Can Wi-Fi let you see people through walls?
It isn't exactly Superman-like X-ray vision, but cheap, low-power Wi-Fi technology is gaining more attention as a remote sensing tool.
Do you really wish you had X-ray vision? Sure, it would be fun to see what your neighbors are doing behind those walls -- until you see something you wish you hadn't.
Regardless, researchers at MIT have developed a sensing technology that uses low-power Wi-Fi to detect moving people. It follows other wall-penetrating sensor tech using radar and heavy equipment.
The Wi-Vi system by Dina Katabi and Fadel Adib sends out a low-power Wi-Fi signal and tracks its reflections to sense people moving around, even if they're in closed rooms or behind walls.

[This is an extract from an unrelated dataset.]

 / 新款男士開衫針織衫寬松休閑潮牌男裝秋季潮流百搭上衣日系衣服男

Part of a Wi-Fi signal transmitted at a wall will penetrate it and reflect off people on the other side. The MIT system ignores all the other reflects, such as from objects, to focus on those from moving people only. It can determine the number of moving people in the room and their relative locations.

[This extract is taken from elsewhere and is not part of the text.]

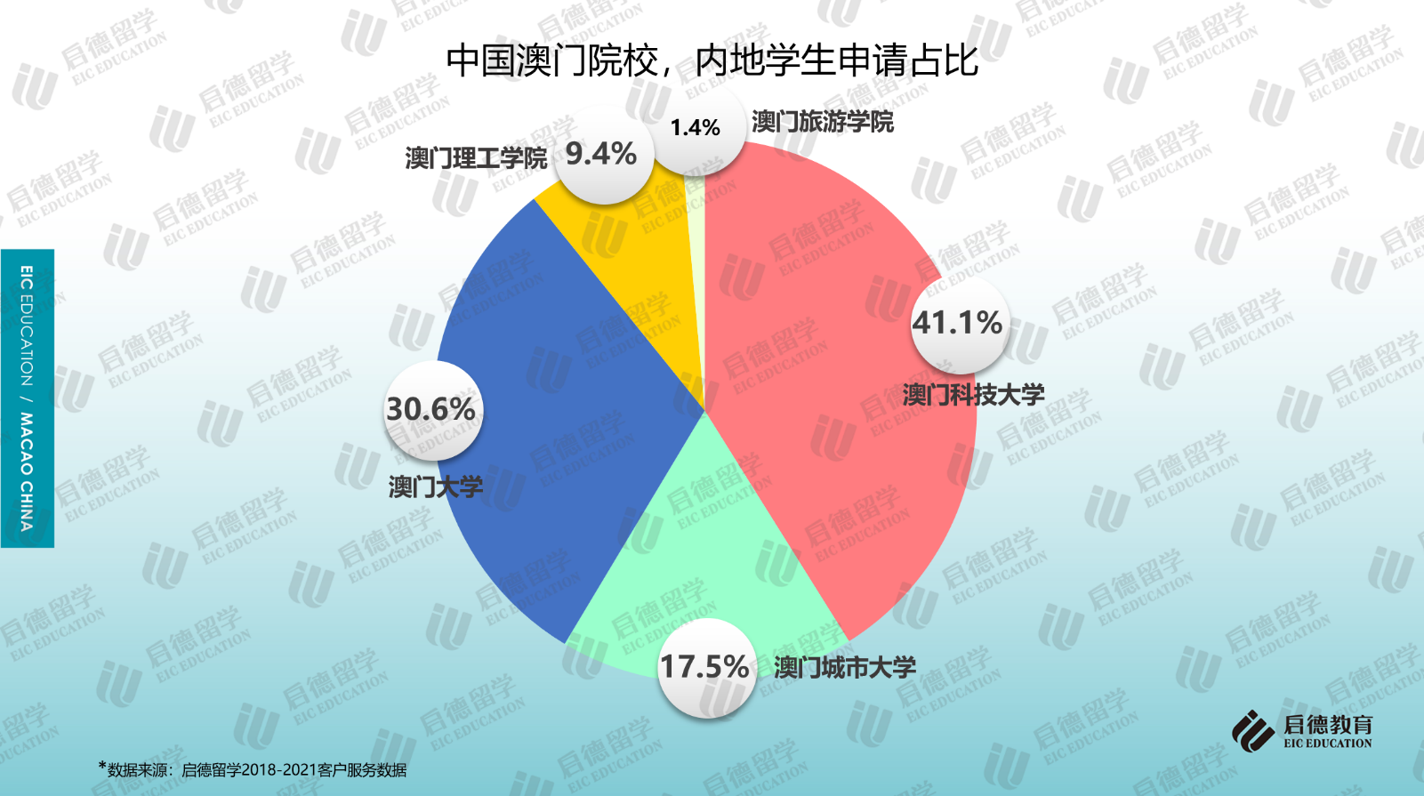 另一組啟德留學(xué)的澳門院校申請人來源數(shù)據(jù)顯示,廣東省廣州、珠海、深圳三個城市的學(xué)生申請澳門院校的占比超過50%,北京學(xué)生占比13%,分析原因,除了廣東省與澳門在文化上、生活方式上的親近性以及距離較近的優(yōu)勢外,也與澳門院校對部分區(qū)域申請人的加分政策有一定關(guān)系。如澳門大學(xué)對北京市及廣東省高考考籍的學(xué)生有加5分的優(yōu)惠政策,而對于廣東省珠海市考籍和橫琴戶籍的應(yīng)屆高考生又特別優(yōu)待,實施15-20分的加分優(yōu)惠政策。

The system sends out two nearly identical signals, but one is the inverse of the other, and thus they cancel each other out.
"So, if the person moves behind the wall, all reflections from static objects are cancelled out, and the only thing registered by the device is the moving human," Adib, a graduate student in MIT's Department of Electrical Engineering and Computer Science, was quoted as saying in a release.
The Wi-Vi receiver uses changes in the signal reflection time to calculate where a moving person is behind a wall. It can also detect gestures such as arm waving and could be used to control home lighting or appliances in another room. It could also let people communicate with the outside using hand signals alone.
British researchers have also been investigating how to use, but the MIT system could be used in applications such as search and rescue, law enforcement, or personal security.
"If you are walking at night and you have the feeling that someone is following you, then you could use it to check if there is someone behind the fence or behind a corner," said Katabi, a professor in the department.
Or the NSA could use it to see how badly you dance in front of your mirror.